Today’s businesses find successful partnerships with customers and prospects (63% reported good relationships with both) when they invest more in their relationship-building approach. Since the start of the pandemic, 70% of respondents did just that, and 62% of respondents have maintained their current customer relationships, in addition to forging new ones.
And not surprisingly, cold emailing is still ineffective
This more intimate approach to customer marketing certainly lends to the reason why our survey also found that a cold emailing strategy still isn’t working. Almost half (47%) of our respondents still send cold emails often, where they have no prior relationship with the prospect, and 37% have sent more cold emails since the onset of the pandemic. However, this strategy hasn’t yielded more fruitful outcomes. More than half (53%) say they see the same results they always have (according to Clearbit, the average cold-email response rate is only 1%), and 10% say they're getting a worse response, with fewer people responding to cold emails during the pandemic.
But businesses are painting an optimistic vision of the future
As you’d imagine, though, the pandemic didn’t pan out too well for all businesses. Literally overnight, in mid-March of 2020, many businesses went dark for weeks … and simply couldn’t survive even a temporary hiatus. It’s no surprise, then, that 14% of respondents reported losing customers in our new, virtual environment.

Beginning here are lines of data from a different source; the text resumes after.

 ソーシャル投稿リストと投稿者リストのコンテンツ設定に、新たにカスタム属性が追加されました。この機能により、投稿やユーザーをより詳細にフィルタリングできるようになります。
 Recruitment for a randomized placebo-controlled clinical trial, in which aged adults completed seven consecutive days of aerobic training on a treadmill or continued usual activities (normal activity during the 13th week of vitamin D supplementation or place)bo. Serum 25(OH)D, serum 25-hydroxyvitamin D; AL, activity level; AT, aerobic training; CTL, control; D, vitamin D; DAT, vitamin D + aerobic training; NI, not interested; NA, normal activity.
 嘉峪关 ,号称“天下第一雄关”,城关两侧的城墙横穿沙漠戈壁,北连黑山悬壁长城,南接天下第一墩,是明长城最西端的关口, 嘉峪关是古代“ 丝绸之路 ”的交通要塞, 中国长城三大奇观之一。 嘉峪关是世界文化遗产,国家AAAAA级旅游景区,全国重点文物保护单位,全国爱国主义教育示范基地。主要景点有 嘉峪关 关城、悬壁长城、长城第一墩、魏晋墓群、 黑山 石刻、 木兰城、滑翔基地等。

However, with the quicker-than-expected ushering in of vaccinations, partial reopenings and then full reopenings, optimism is seeping into our business communities. Clearly eager to re-enter life as we knew it, a whopping 88% said that they think their business revenue in 2022 will be stronger than in 2019 … and 73% said that they expect to increase the size of their sales and marketing teams in the coming year.

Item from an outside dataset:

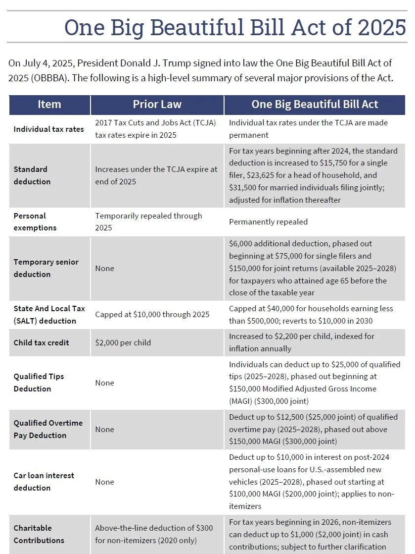 As we enter the second half of the year, one of the most consequential developments for individuals and businesses is the passage of the much-anticipated 2025 tax legislation—formally referred to as the Tax Relief for American Families and Workers Act, but popularly dubbed “One Big Beautiful Bill Act” (OBBBA).
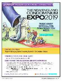 NEWENGLANDCONDO.COM NEW ENGLAND CONDOMINIUM — MAY 2019 37 OVER 175 EXHIBITORS! EDUCATIONAL SEMINARS! NETWORKING! • Save time and build relationships – Meet with over 175 exhibitors offering endless solutions in every area including building management, insurance, security, landscaping, maintenance, energy, telecommunications, plumbing, HVAC, fuel, interior design, and more. • Learn from the experts – Attend educational seminars. • Receive FREE expert advice – Visit our FREE Advice Booths and get valuable guidance from our legal, financial, management and building experts. • Win great door prizes. WHO SHOULD ATTEND Property Managers, Board Members, Condo & HOA Decision Makers Free Registration: ne-expo.com WEDNESDAY, MAY 22, 2019 • 10AM - 3:30PM S EAPORT W ORLD T RADE C ENTER , B OSTON , MA One Day. One Location. Endless Solutions. ATTENTION Property Managers, Board Members, and Decision Makers ne-expo.com WALK AWAY WITH ALL THE SOLUTIONS YOU NEED. THE NEW ENGLAND CONDOMINIUM EXPO 2019

Get to know your customers, nurture your relationships with them, watch your business flourish
We’re all anticipating approaching something like a pre-Covid normalcy. As we ready ourselves to welcome more business, we do so with confidence in ourselves and our teams for having displayed such tenacious resilience and flexibility through all the challenges the past year and a half managed to serve up.
Individually, we’re re-evaluating our physical health, mental health, relationships with others and financial health. Businesses are following the same mentality. The economic landscape has opened itself up to more empathy, smarter and more efficient working, versatility, better team and customer relationships, and the need to really know the health of your business. Let’s meet the future with hopefulness and the conviction to succeed together.